A. You have to have people in an organization who are willing to truly embrace change, because if they don’t, then what you have is an organization that’s constantly fighting to stay at the status quo. And, of course, that leads to stagnation. It’s also an unsustainable model. I’ve made an observation about people. There are people who have moved. Take somebody who’s a child of an Army officer — they will have moved 10 times in their lives. And then there are people who’ve been born and raised and educated and employed in one town their whole lives. Who do you think is willing to change? I think, in this modern world, you really have to be sure that your work force has the experience of being elsewhere. That experience then has the ability to ensure that you will be comfortable with change. The biggest problems I see in a group of people who don’t embrace change is that they will always fight anything new, any new idea, any new concept, any outside point of view. And, of course, there are many examples of companies that have failed because of that. So I think that’s a critical point. Almost all of the people on our staff have traveled all around the world, have lived everywhere.
Q. What else are you looking for when you hire?
A. Native intelligence is critically important. I don’t think you can train people to be more intelligent.
Q. How do you test for that?
A. I really try to understand people, what their values are. So it’s usually quite an unstructured interview — where they come from, their family members.
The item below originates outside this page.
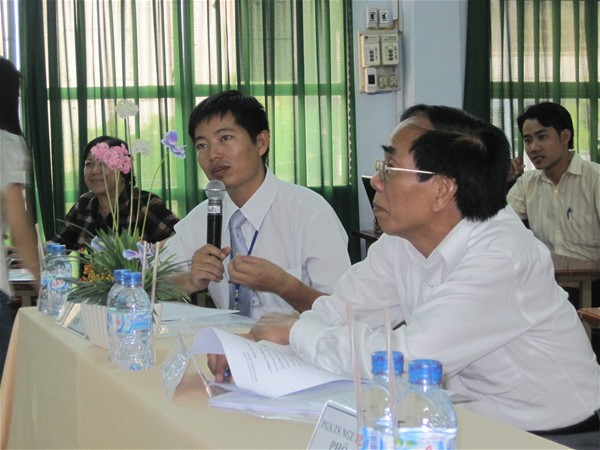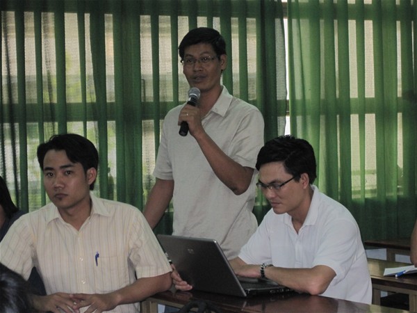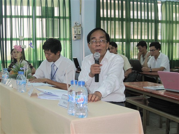 Thầy TS. Trần Hành nhận xét và góp ý cho từng đề tài.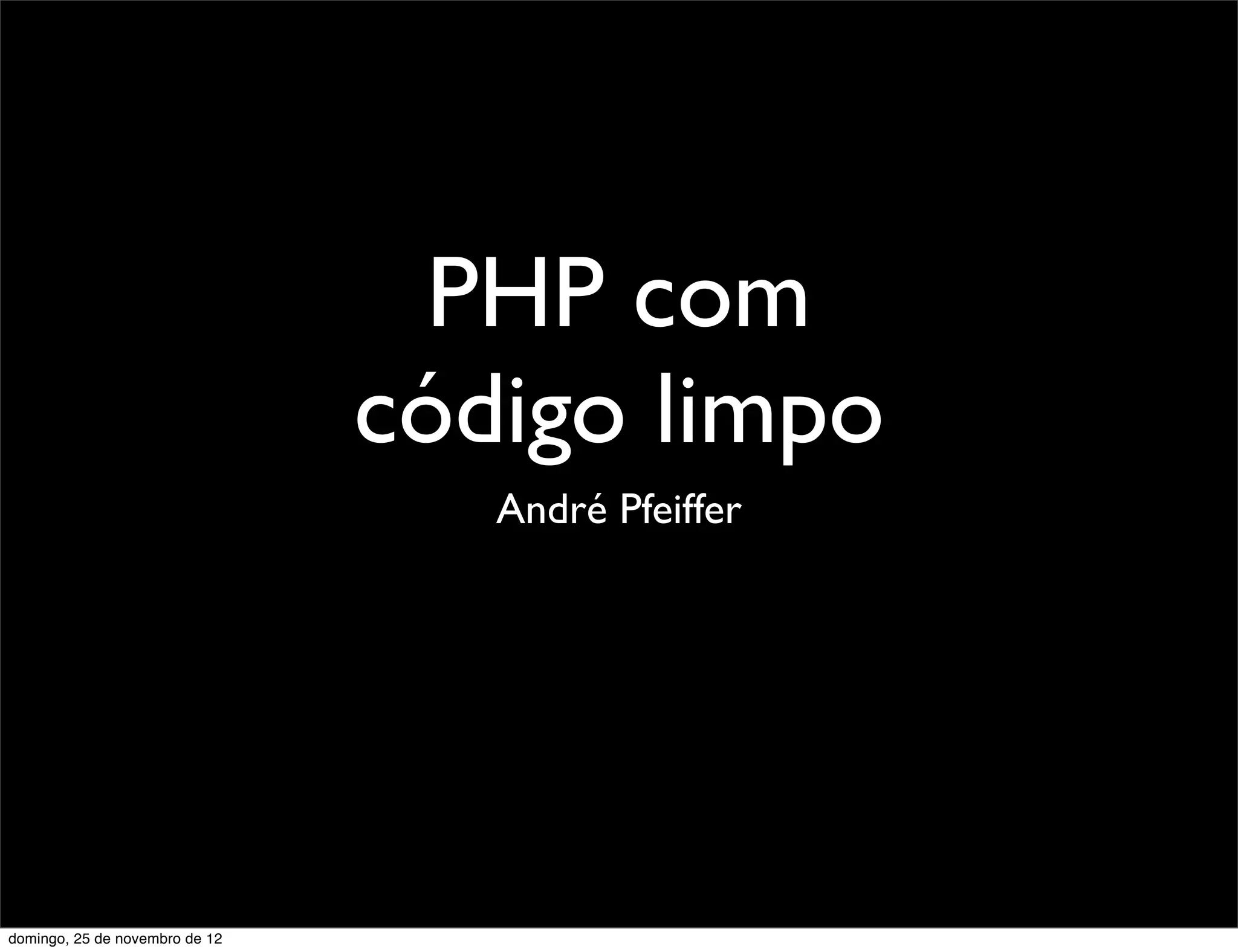 O documento discute princípios de código limpo em PHP, enfatizando a importância de estrutura organizada, nomes descritivos, funções pequenas e uso apropriado de comentários. Também cobre responsabilidades de desenvolvedores profissionais e padrões de codificação como Drupal e PEAR.

And then I try to understand how they deal with difficult interpersonal issues.
Q. Why?
A. Intelligence is often more displayed in what I would call complex abstract thinking, and there’s nothing more complex and abstract than human relationships. And if they can work their way through a human relationship problem intelligently, my guess is that they’re very smart people. Not that they can’t add and subtract six-figure numbers multiplied by whatever, but that they can take a complex problem, break it down into its pieces and figure out the best way forward. I also look for people who’ve moved. Did you move when you were a kid? When you went from one high school to another, what was it like? How did you deal with it? This kind of thing is often very informative about how people have had to deal with crisis, different circumstances and how they’ve had to adapt or change.
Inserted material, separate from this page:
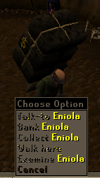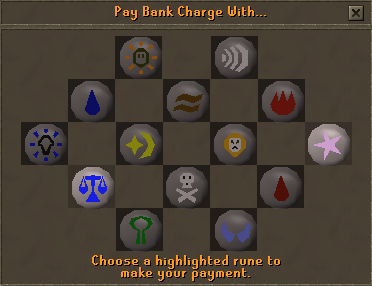 When you try to access the bank a screen like the one Below will pop up, you must choose what type of rune you would like to pay with to access the bank. If you use this method always carry about 5-20k fire runes in your inventory and use them to pay Eniola.

Q. What is your best career advice for young people?
A. I think one of the hardest things to do is to figure out what your North Star is. What is it that you really are interested in? This helps you to weigh one option versus another. And then keep your eyes and ears open. Be open to new challenges. I don’t think anyone should do one job for too long a time. I think every five to eight years you should be willing to take on some different challenges. It’s so easy to get stale. Every time I’ve left a job, I was loving the job that I left. But I never regretted the next move that I made.
Q. What else?
A. A second key lesson was from a doctor named Marcel Tuchman. He was the most compassionate person I have ever met in my life — I mean, full of human kindness. And every time he met somebody, you had the sense that he cared more about them than anything else in the world. So what I learned from him is that when you actually are with somebody, you’ve got to make that person feel like nobody else in the world matters. I think that’s critical. So, for example, I don’t have a mobile phone turned on because I’m talking to you. I don’t want the outside world to impinge on the conversation we’re having. I don’t carry a BlackBerry. I do my e-mails regularly, but I do it when I have the time on a computer. I don’t want to be sitting here thinking that I’ve got an e-mail message coming here and I’d better look at that while I’m talking to you. Every moment counts, and that moment is lost if you’re not in that moment 100 percent.